I’m not too familiar with Sagemaker Studio, but if you have the Ray dashboard up and running you can view the GPU utilization from the cluster tab.

https://docs.ray.io/en/latest/ray-core/ray-dashboard.html#dash-workflow-resource-utilization

I’m not able to open ray dashboard from SageMaker Studio. But, thanks though, If you find any work around please pass me.

Hey @amogkam , I just noticed while experimenting your blog code, chunk size is not the size what we mention in

text_splitter = RecursiveCharacterTextSplitter(
        chunk_size=1000, chunk_overlap=100, length_function=len
    )

I did a verification after the chunk creation from all the pdf files. chunk size of the each chunk varies. In the above code I mentioned chunk_size=1000 with chunk_overlap=100. However, after the chunk creation when I iterated the each chunk to check its length, it turn out 546, 92, 253, 756, and so on.
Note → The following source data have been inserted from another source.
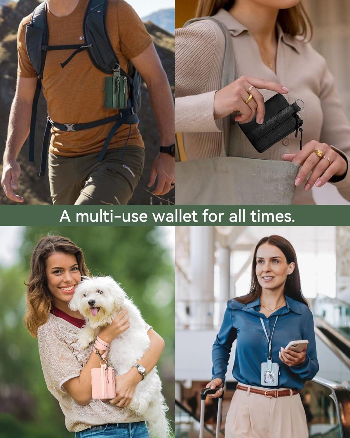 Versatile Everyday Wallet: Take the keychain wallet with you to daily commuting to work, outdoor sports or traveling. ID wallet comes with a detachable long lanyard and can also be used as a neck wallet or wristlet wallet. Even without the lanyard, this simple wallet fits in your pocket or bag. Minimalist wallets make you less to think about and more about enjoying the moment.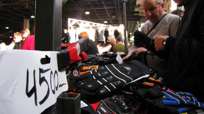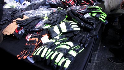 Láthatósági-sárga betétes kesztyűk az olcsóbb árfekvésű standokon is voltak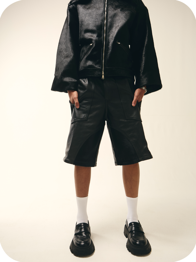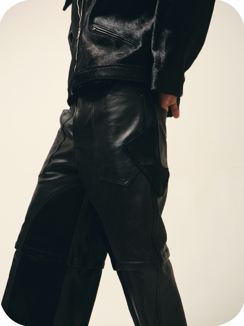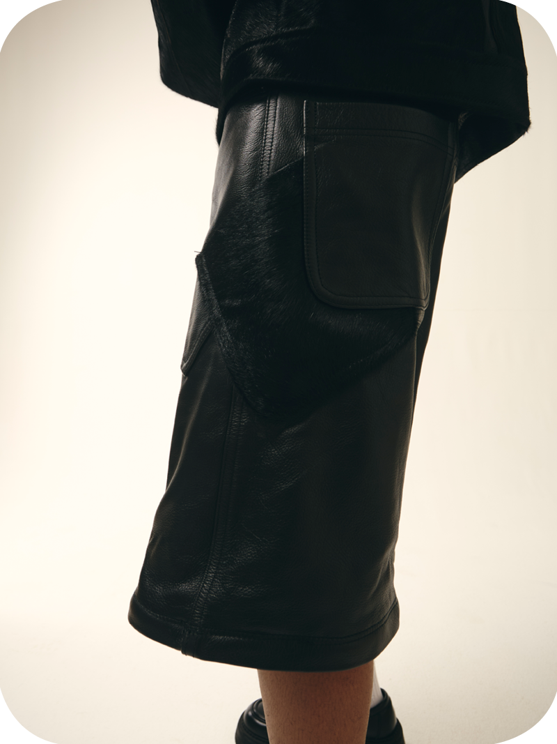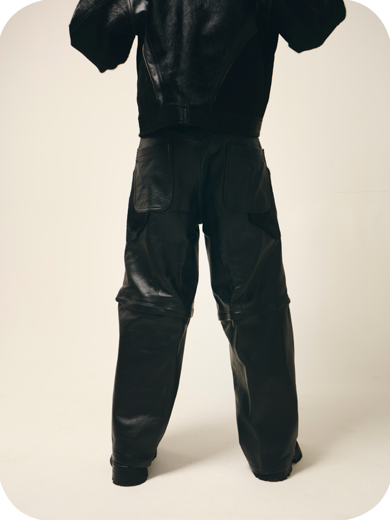 “Black Leather” is a heavyweight black transformable pair of leather cargos mixed fabric with cowhide skin for leg details. They can either be worn as a shorts with multi pockets detail or as a full cargo with seamless zips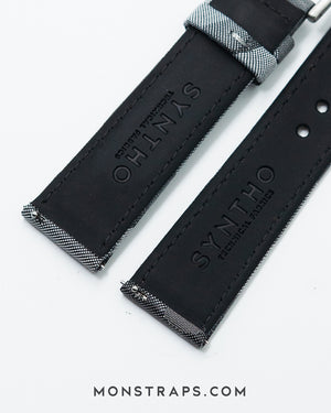 Our latest technical fabric strap is made by the skilled artisans at Synthostraps and finished with machine stitching. This new high density fabric is woven with our signature camo print and is currently available in two different colors - grey and khaki.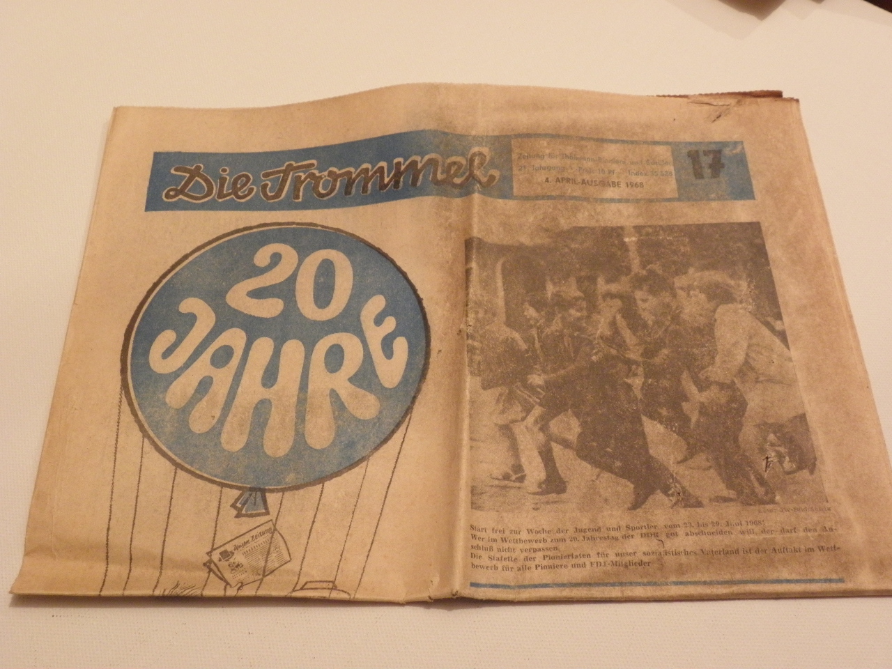 Die Zeitung der Thälmann-Pioniere in der DDR hieß „Trommel“. Sie erfreute den eifrigen Pionier mit lustigen Geschichten, die bereits auf Schüler der 4. bis 7. Klasse zugeschnitten waren. Sie baute somit auf die FröSi auf. Allerdings fand man überwiegend politisch angehauchte Beiträge. Der Untertitel der Zeitung hieß übrigens toleranterweise „Die Zeitung für Thälmannpioniere und Schüler“. Für noch Ältere gab es die „Atze„, aber das war mir zu politisch. (Leider waren die Fix & Fax-Mäusegeschichten ausgerechnet auf der Rückseite DIESER Zeitschrift)
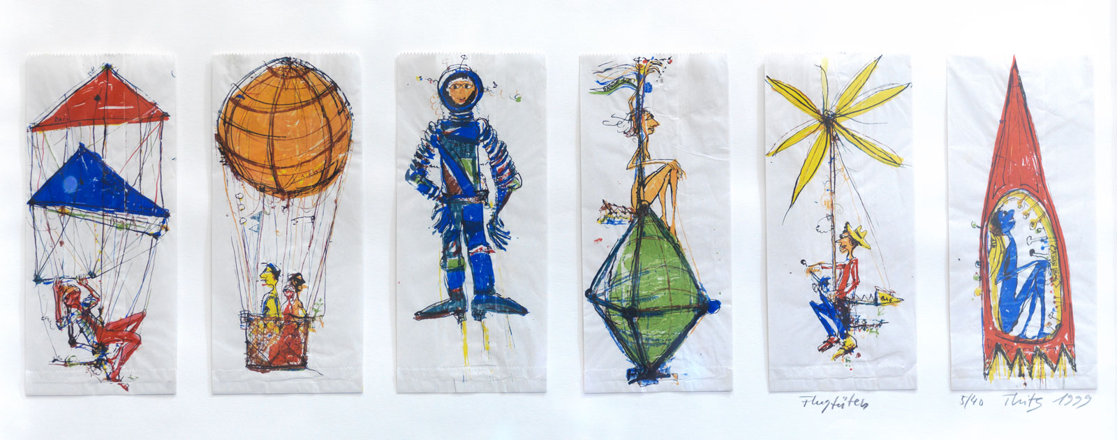 Screenprint on 6 bags on passepartout cardboard, 1999
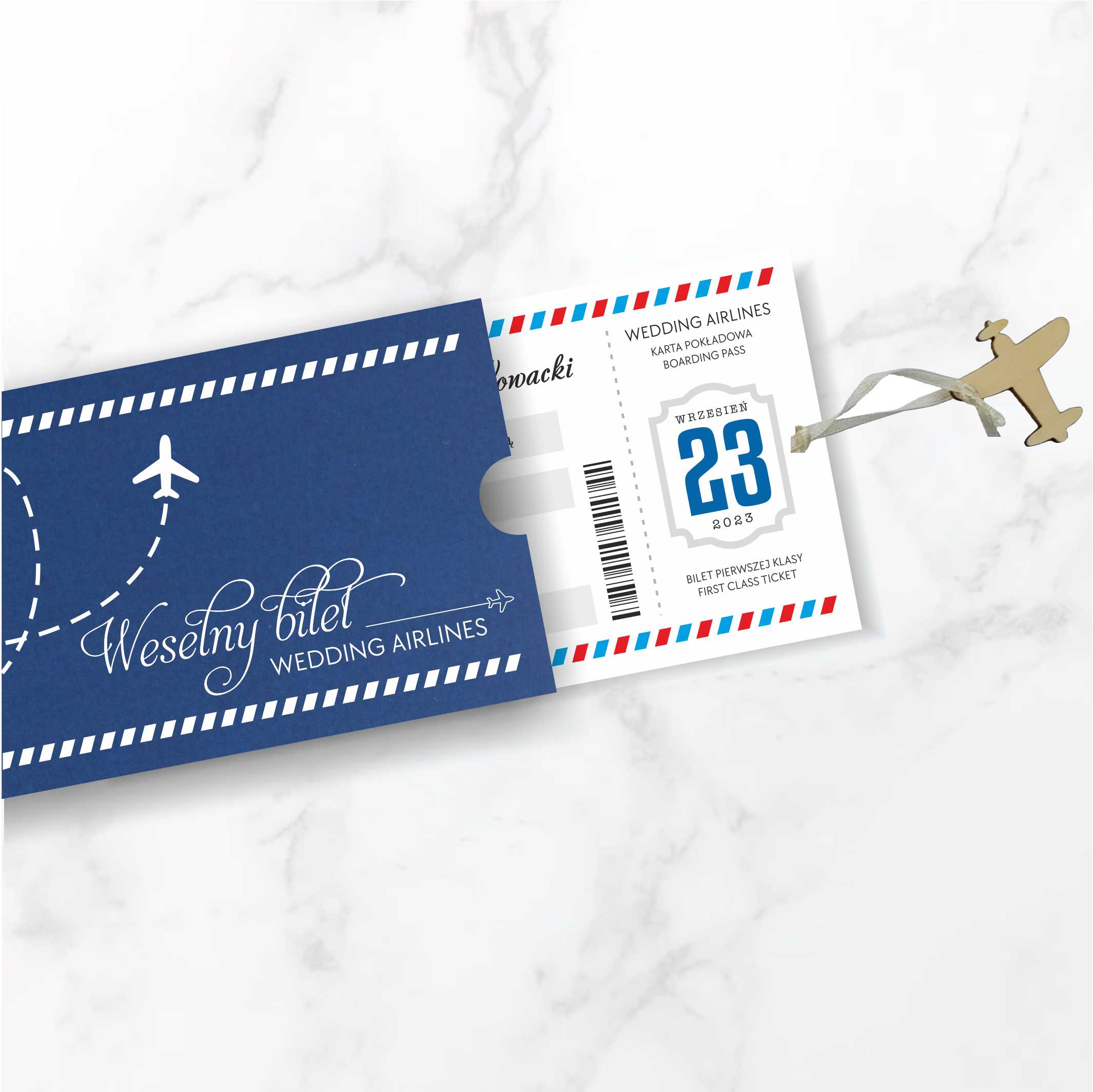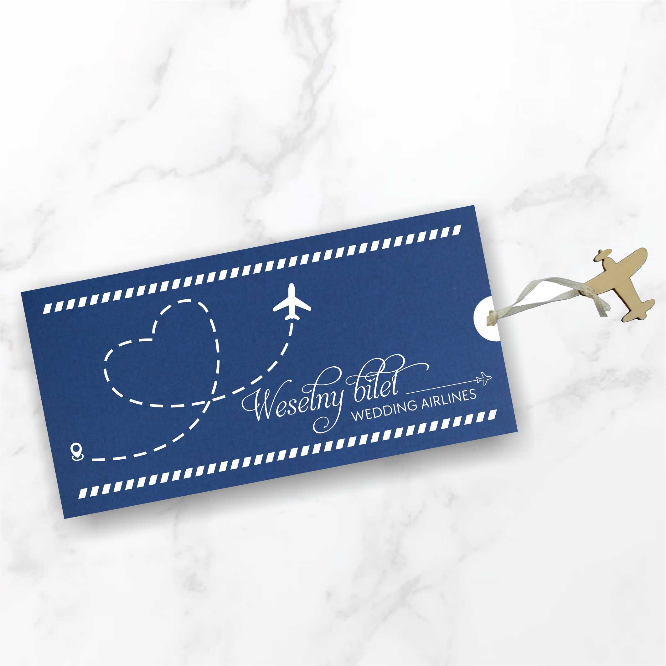 Stylistyka zaproszeń świetnie wkomponuje się w tematykę podróży jak i też odkrywania tajemniczych zakątków świata. Zaproszenia ślubne ręcznie robione z wielką starannością, wykonane z wysokiej jakości papierów. Nadruk tekstu na dwóch osobnych kartkach z matowego papieru w białym kolorze, stylizowanych na bilet lotniczy, połączonych kremową tasiemką zakończoną drewnianą zawieszką w kształcie samolotu. Okładka z matowego papieru w kolorze głębokiego granatu o gramaturze 250g, z możliwością nadruku imion i daty ślubu. Zaproszenie wysyłamy w formie gotowej do wręczenia. Zaproszenie wykonane z ogromną starannością i dbałością o detale. Precyzyjny nadruk, dokładność wykonania oraz wysokiej jakości papier. Minimalna ilość zamówienia – 25szt.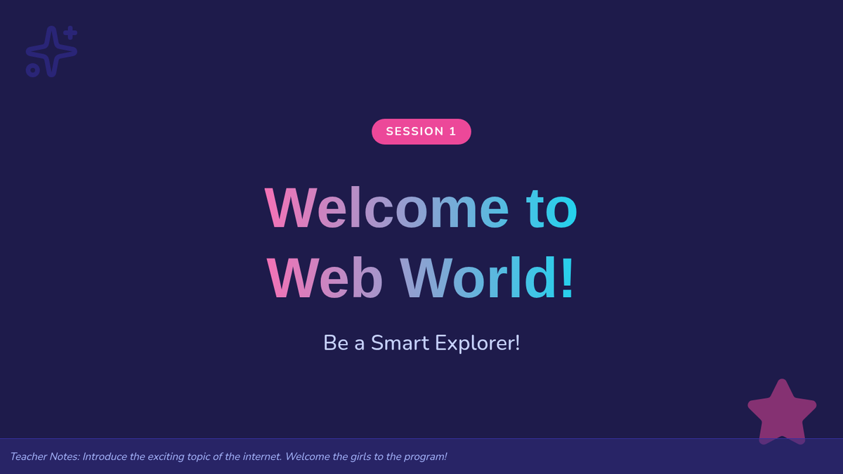 A 9-week program for girls aged 6-9 focused on online safety, digital citizenship, and empowered web exploration. Each session builds foundational skills to navigate the digital world confidently and safely.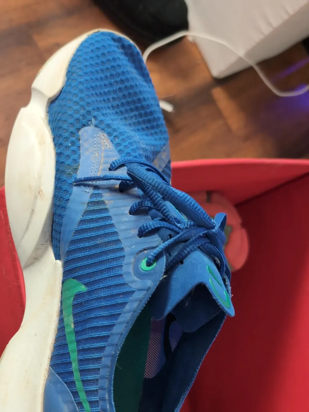 These are blue Nike running shoes. They're a mesh material with a rubber sole. Good for track or road running.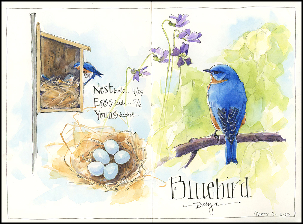 I’ve been teaching “Painting the Colors of Spring” for the last few months, which has made me even more aware of the subtleties of color at this time of year. We started with earth colors back in March, took a deep dive into yellows and greens in April, and ended this week with an in-depth look at blues and violets. Right on cue, the bluebirds in our yard finished laying five pale blue eggs, the lilacs and violets are in bloom, and the sky was clear and bright all week. I treasure these Bluebird Days and hope you have too.
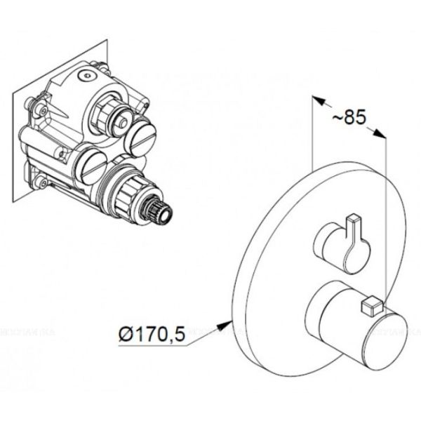 Встраиваемый смеситель для ванны и душа Kludi Nova Fonte Puristic с термостатом хром 208300515 купить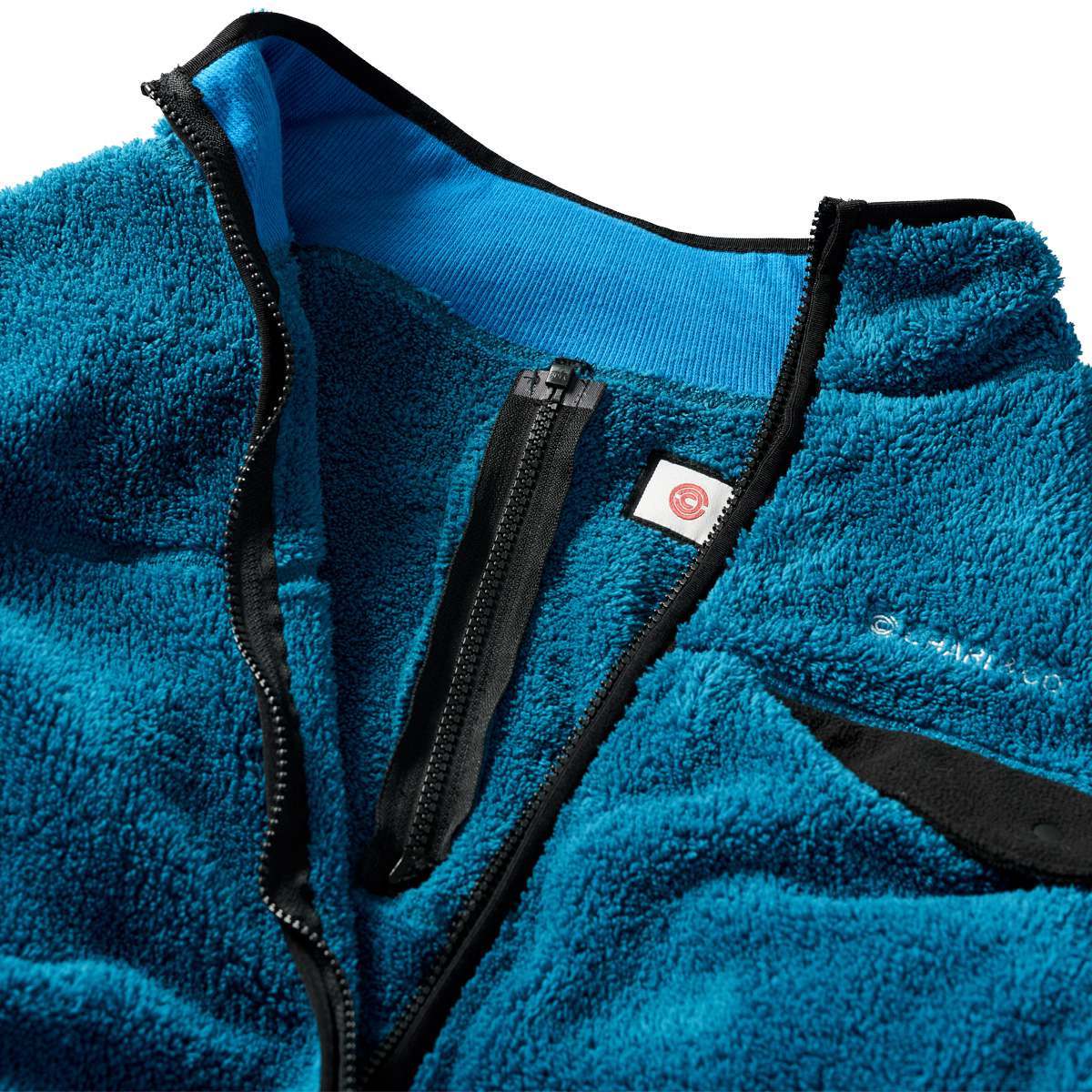 温かみのあるシンプルなフリースジャケット。首後ろに設置されたファスナーを引くとベンチレーションになる。

But, I did an another experiment by traditional langchain method using CharacterTextSplitter it turn close values to 1000 like 9623, 9462, 9745, and so on. which is better than actually.

could you please check once and confirm, am I making any mistakes?

@amogkam did you get a chance to look into this issue? that after text split chunk is not what we mention.

I think this is just the nature of how RecursiveCharacterTextSplitter works compared to CharacterTextSplitter. What are you seeing when you use RecursiveCharacterTextSplitter with LangChain directly?

@IamExperimentingNow can you give us a high level overview on how exactly you used sagemaker for creating embeddings?